Dataset entries:
####################

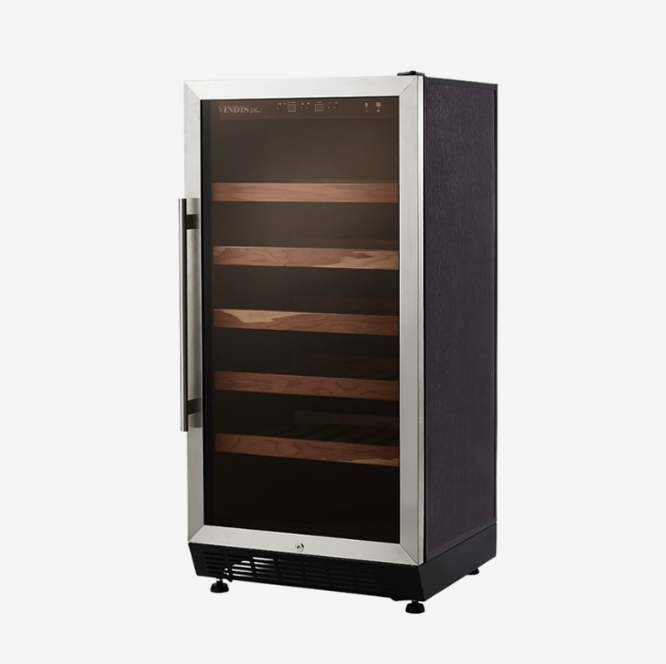 와인 냉장고 와인셀러 종류 비교 추천 네 번째! 블랙 색상의 빈디스 와인 냉장고는 12병을 보관할 수 있는 ‘BW-35D1’, 24병을 수납할 수 있는 ‘BW-70D1’의 두 가지 타입이 각각 20만 원 중반대와 30만 원 후반대의 가격으로 판매되고 있다. 터치 컨트롤 패널을 적용해 직관적으로 제품을 조작할 수 있으며, 온도는 11도에서 18도 사이로 자유롭게 설정할 수 있다. 전면에는 UV 차단 글라스 도어가, 내부에는 은은한 분위기의 LED 고내등이 적용됐다.
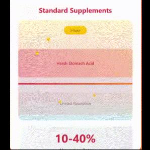 Digestive Degradation: Traditional zinc supplements are vulnerable to stomach acid and can form insoluble complexes with phytates and other compounds in your diet, dramatically reducing how much zinc actually reaches your bloodstream.
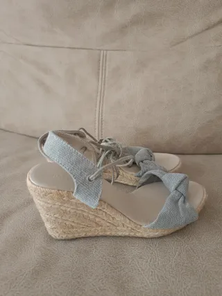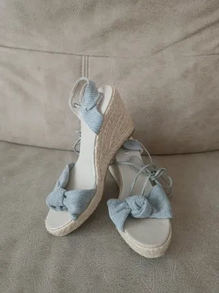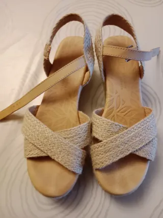 Preciosas sandalias de cuña en color beige. Ideales para verano. Como nuevas. Muy cómodas , tejido muy suave. - Tienen una plataforma de esparto. - El cierre es con hebilla en el tobillo. - Son talla 38.
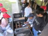 次は米係の活動です。 「とぎ水流すときは手を添えるんやで」 よくお手伝いしている...
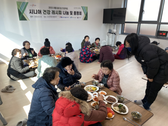 시니어 건강 레시피 개발을 통한 지역 돌봄서비스 실현을 목적으로 모인 참가자 10여 명은 그동안 개발한 레시피를 이용해 오곡밥, 수육, 과일 등으로 구성된 식사를 준비하여, 방문하신 어르신과 함께하고 독거노인 등 거동이 불편한 주민들을 위해 집집이 직접 방문하여 도시락을 전달하는 등 따뜻한 사랑을 전했다.
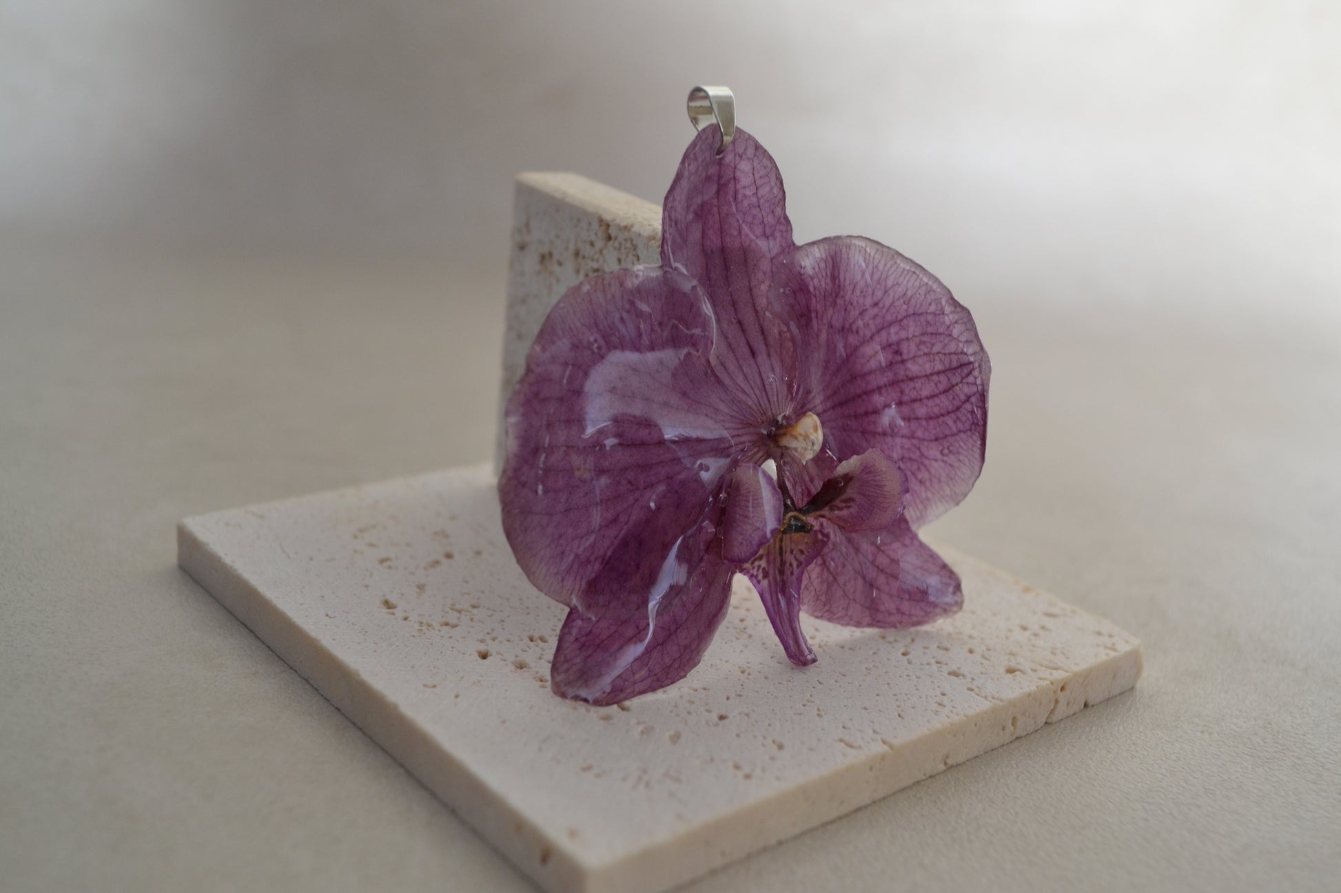 - Componente piesă: orhidee naturală, rășină și pandantiv din oțel inoxidabil
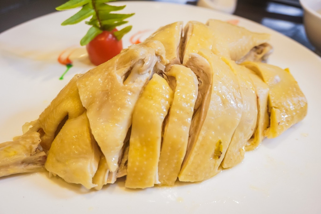 白切鸡的味道非常鲜美,可以蘸酱油,也可以直接吃。
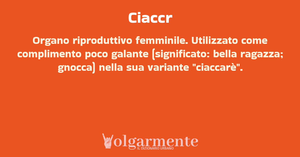 su0 down0 +0 Organo riproduttivo femminile. Utilizzato come complimento poco galante (significato: bella ragazza; gnocca) nella sua variante "ciaccarè". da 0wn3d Napoli, NA, Campania
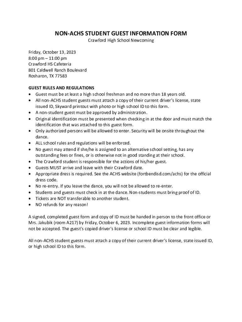 This form is required for non-ACHS student guests attending the Crawford High School Newcoming dance. It includes guest rules and regulations that must be followed, details on required identification,
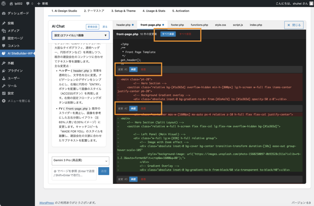 ⑦変更提案が表示されるため、個別に承認、拒否を選択するか、すべて承認、拒否をして修正を反映させてください。変更後の内容は実際のページで確認できるので、問題なければ承認。拒否すると元のコードに戻すことができます。
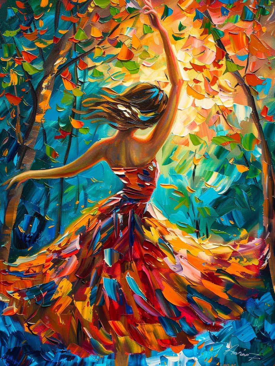 💠 Thousands of shimmering gems bring to life the dancer’s swirling, leaf-patterned gown and the sun-dappled autumn forest, turning every bold stroke of color into a glittering focal point. 💠
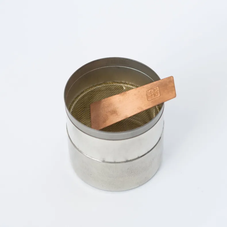 Tin container for sieve – Height 2.56 inches × Diameter 2.56 inches
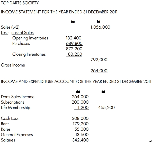 (a) Draw up a Darts Income Statement for the year 2011 to calculate the gross profit on Darts sold. The cash stolen should be credited to this account, with a debit shown in the Income and Expenditure Account.
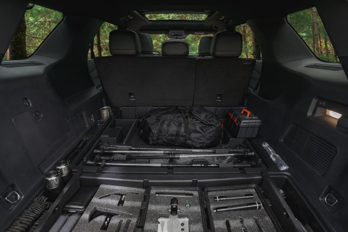 昆仑穿越版以五座布局直击户外储物痛点。常规状态下1505L的后备箱容积,可轻松容纳雪板、自行车等大件装备;第二排放倒后扩展至2487L的纯平空间,配合15个精细化储物格与可移动挡板设计,实现物品分类管理的灵活性。新增的置物板下隐藏储物盒额外拓展近100L空间,让帐篷、炊具等零散装备也能有序收纳。

####################

## Required action
Pictures stay out. Print the lines of the records above exactly, from the first through the one with "(a) Draw up".

## Expected answer
 와인 냉장고 와인셀러 종류 비교 추천 네 번째! 블랙 색상의 빈디스 와인 냉장고는 12병을 보관할 수 있는 ‘BW-35D1’, 24병을 수납할 수 있는 ‘BW-70D1’의 두 가지 타입이 각각 20만 원 중반대와 30만 원 후반대의 가격으로 판매되고 있다. 터치 컨트롤 패널을 적용해 직관적으로 제품을 조작할 수 있으며, 온도는 11도에서 18도 사이로 자유롭게 설정할 수 있다. 전면에는 UV 차단 글라스 도어가, 내부에는 은은한 분위기의 LED 고내등이 적용됐다.
 Digestive Degradation: Traditional zinc supplements are vulnerable to stomach acid and can form insoluble complexes with phytates and other compounds in your diet, dramatically reducing how much zinc actually reaches your bloodstream.
 Preciosas sandalias de cuña en color beige. Ideales para verano. Como nuevas. Muy cómodas , tejido muy suave. - Tienen una plataforma de esparto. - El cierre es con hebilla en el tobillo. - Son talla 38.
 次は米係の活動です。 「とぎ水流すときは手を添えるんやで」 よくお手伝いしている...
 시니어 건강 레시피 개발을 통한 지역 돌봄서비스 실현을 목적으로 모인 참가자 10여 명은 그동안 개발한 레시피를 이용해 오곡밥, 수육, 과일 등으로 구성된 식사를 준비하여, 방문하신 어르신과 함께하고 독거노인 등 거동이 불편한 주민들을 위해 집집이 직접 방문하여 도시락을 전달하는 등 따뜻한 사랑을 전했다.
 - Componente piesă: orhidee naturală, rășină și pandantiv din oțel inoxidabil
 白切鸡的味道非常鲜美,可以蘸酱油,也可以直接吃。
 su0 down0 +0 Organo riproduttivo femminile. Utilizzato come complimento poco galante (significato: bella ragazza; gnocca) nella sua variante "ciaccarè". da 0wn3d Napoli, NA, Campania
 This form is required for non-ACHS student guests attending the Crawford High School Newcoming dance. It includes guest rules and regulations that must be followed, details on required identification,
 ⑦変更提案が表示されるため、個別に承認、拒否を選択するか、すべて承認、拒否をして修正を反映させてください。変更後の内容は実際のページで確認できるので、問題なければ承認。拒否すると元のコードに戻すことができます。
 💠 Thousands of shimmering gems bring to life the dancer’s swirling, leaf-patterned gown and the sun-dappled autumn forest, turning every bold stroke of color into a glittering focal point. 💠
 Tin container for sieve – Height 2.56 inches × Diameter 2.56 inches
 (a) Draw up a Darts Income Statement for the year 2011 to calculate the gross profit on Darts sold. The cash stolen should be credited to this account, with a debit shown in the Income and Expenditure Account.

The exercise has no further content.